• [Your goal]
Set down every line of the data exactly, skipping the pictures.

• [Information supplied]
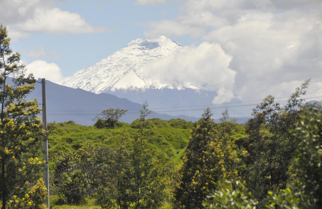 Okolicy również się przyglądam, bo jest czemu. Nad miastem góruje wulkan Cotopaxi, a że zrobiło się słonecznie, to mogę podziwiać GO w pełnej krasie. Trochę żal, że to teraz taka pogoda, a nie wtedy, gdy jechaliśmy do Baños, bo moglibyśmy obejrzeć całą aleję wulkanów...
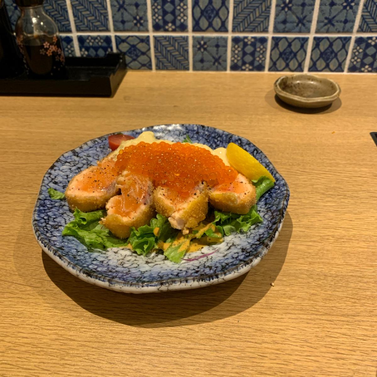 カラッと揚がったサーモンは中はレアで柔らかくて美味しかったです🐟
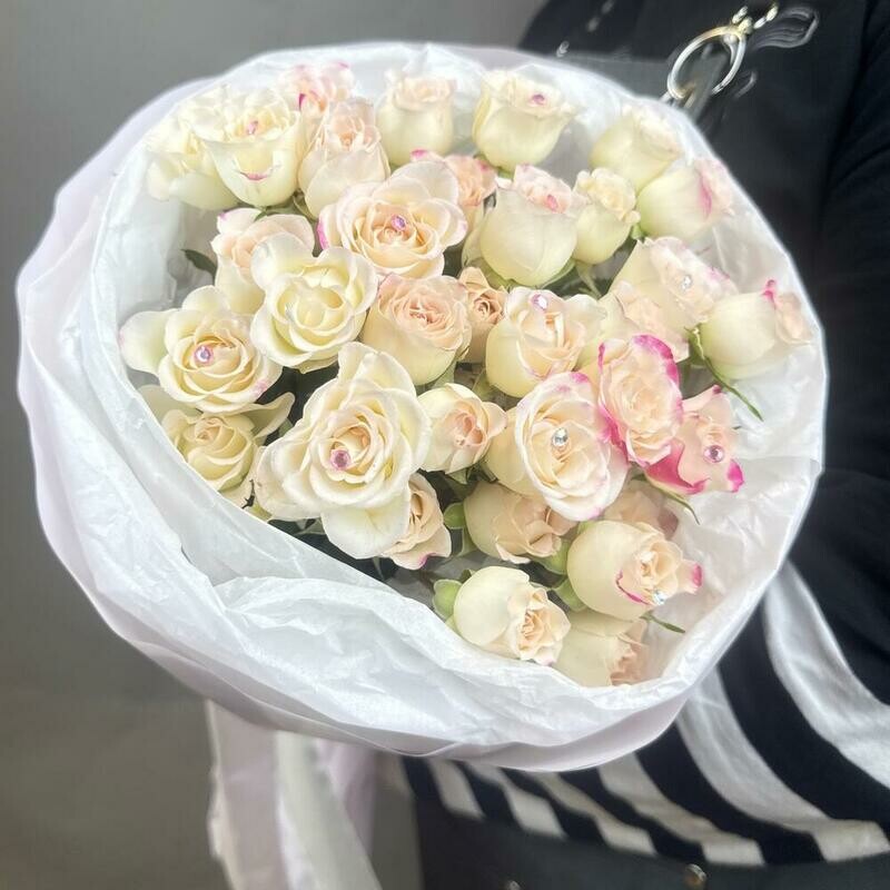 Монобукет из кустовых роз со стразами

• [Task solution]
 Okolicy również się przyglądam, bo jest czemu. Nad miastem góruje wulkan Cotopaxi, a że zrobiło się słonecznie, to mogę podziwiać GO w pełnej krasie. Trochę żal, że to teraz taka pogoda, a nie wtedy, gdy jechaliśmy do Baños, bo moglibyśmy obejrzeć całą aleję wulkanów...
 カラッと揚がったサーモンは中はレアで柔らかくて美味しかったです🐟
 Монобукет из кустовых роз со стразами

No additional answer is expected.